Removal of systematic bias
By applying a linear model which explains 65% of the noise variation in the data, rapmad significantly improves the reliability of peptide microarray experiments. In addition to previous findings , we establish that also the spatial position on the peptide microarray is of high impact for removing systematic effects. This is important for distinguishing low intensity signals from noise. Since the effects are of a systematic nature (e.g. a decline in signal intensity associated with spatial position), it also reduces the risk that systematic effects are mistakenly identified as peptide signal effects. Despite the strong reduction in unexplained variation, not all occurring systematic effects are necessarily included in the model. For instance, we decided against including all interaction effects. While it can be of high interest to model the interaction of a specific peptide with a specific needle, there is usually not a sufficient number of replicates to allow a reliable estimation in a standard experiment. However, for large-scale experiments, it could be beneficial to design specific slides with sufficient replicates to quantify these effects. The effects of the secondary antibody are accounted for within subsequent analysis steps and are thus not modeled explicitly.
Improved data quality after removal of unreliable measurements and secondary binding peptides
The production of peptide arrays as well as the binding of the secondary antibody involve sophisticated chemical processes. In spite of numerous experimental improvements [8, 9] and constant monitoring, artifacts resulting from errors in the spotting of peptides or the unspecific binding of the secondary antibody can strongly influence measurements and result in misleading interpretations. We have proposed two computational statistics driven approaches to identify and exclude these artifacts and show that they can be successfully applied.
By marking approximately 2.5% of the peptide spots as unreliable, we can improve the reproducibility and thus the data quality. It should be noted however that still not all unreliable and irreproducible peptides are detected. The small number of peptide sequences being connected to the undetected outlying observations show that this entails a sequence-specific phenomenon rather than a print process artefact which would affect all sequences more evenly. While characteristics of the print process are captured within the available learning data, for instance in the scatterlight scans, sequence-specific effects are difficult to detect. In addition, the unreliable peptide spot finding procedure is limited by the available training data. We rely on labels based on the assumption that a specific replicate which departs from the remaining two replicates should be labeled as unreliable. We are aware that this definition is not necessarily correct since there are cases when the two remaining replicates are unreliable, but the specific replicate itself is correct. This can result in incorrect labels, which strongly reduce the quality of the random forest prediction. While manually validation could improve the label-quality, this reduces the applicability of the procedure to other data than our own. Thus, we accept a possibly smaller impact of the quality control procedure to allow the fully automated adaption to other datasets. Historic data for training is not always available and thus, this is an optional step for our pipeline.
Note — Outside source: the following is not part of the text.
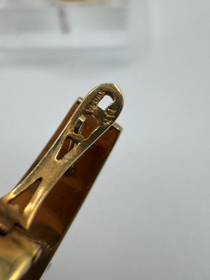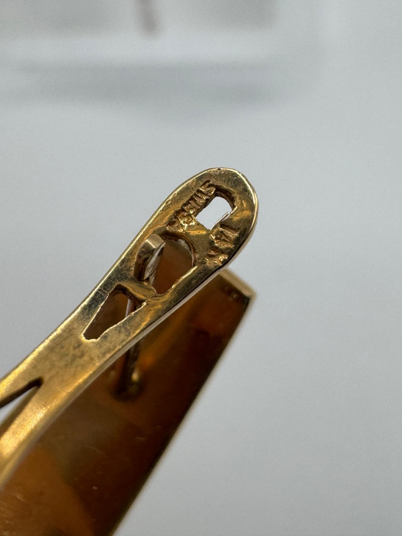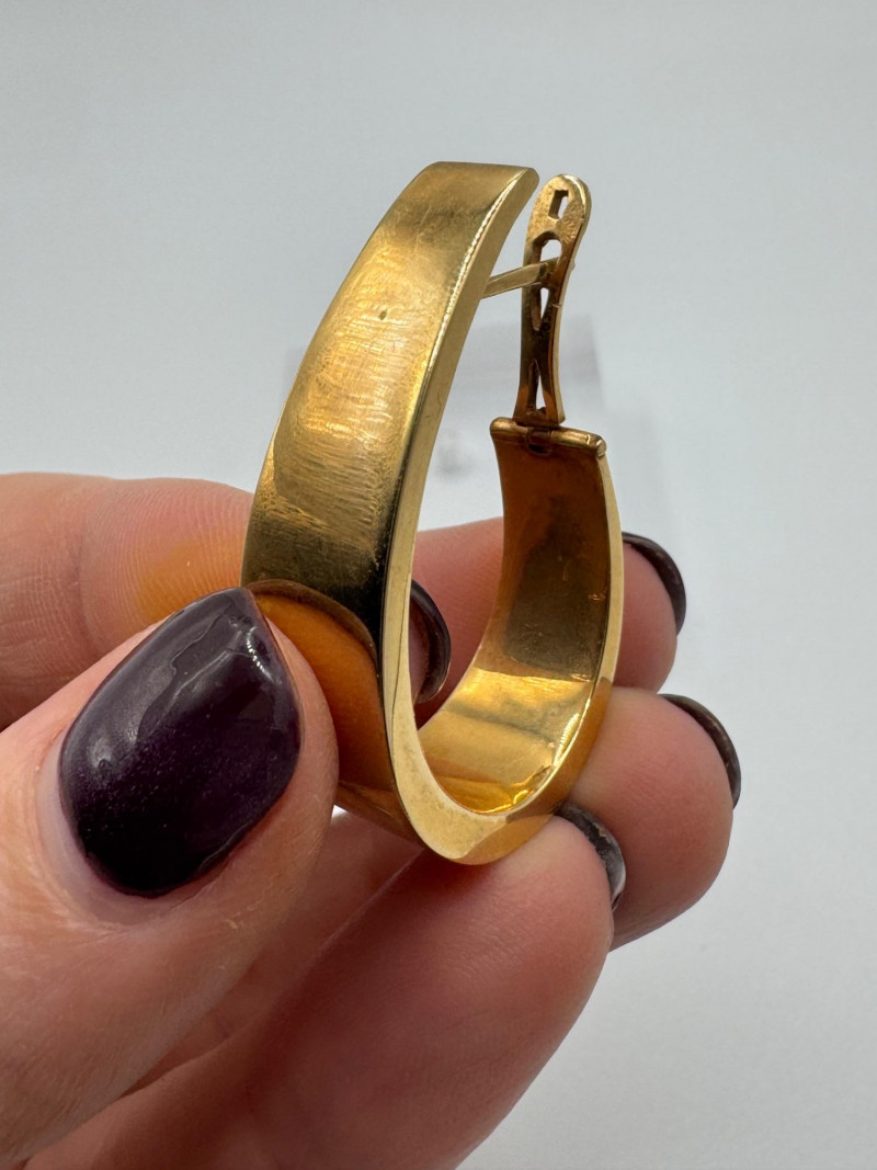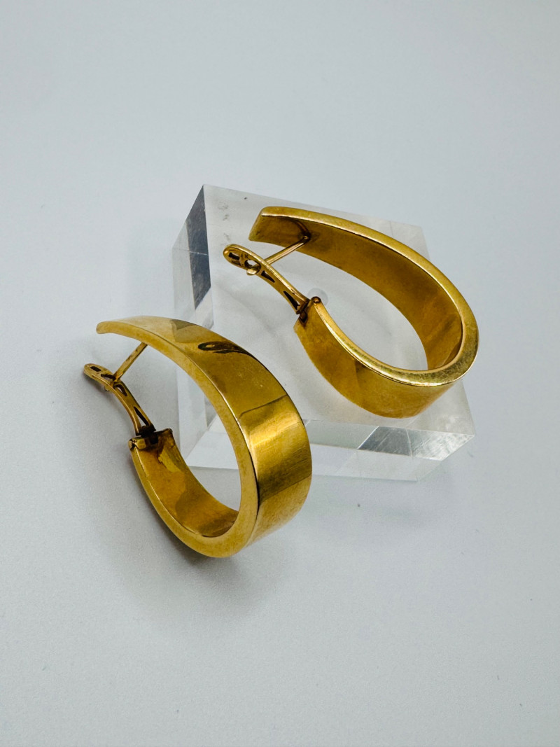 14K Gold Sculptural J Hoop Earrings – 9.91g. Important Disclaimer: Jewelry in this lot has not been tested. By bidding, you agree to purchase as is, with no guarantees on metal purity, gemstone authenticity, or content. No refunds issued on these factors.

By identifying 1.2% of the spots as secondary antibody binding, we can improve the specificity of the procedure without sacrifying its sensitivity. While the impact on the data shown here is comparatively small, this step can be of key importance to avoid wrongful interpretation.
When dealing with peptides prone to printing or synthesis problems or the binding of secondary antibody to peptides, any data analysis tool is challenged by the fact that the relevant information was lost before data acquisition, rendering the complete recovery of the information impossible. While not recovering the correct information, the magnitude of excluding wrongful results is significant. If wrongful results were not excluded, research could result in wrongful conclusions. With the removal of wrongful results no conclusions are possible for these doubtful peptide spots. Since in most cases, only subsets of peptide measurements are affected and designs usually contain several replicates, repeats of experiments are often not required to come to reliable conclusions.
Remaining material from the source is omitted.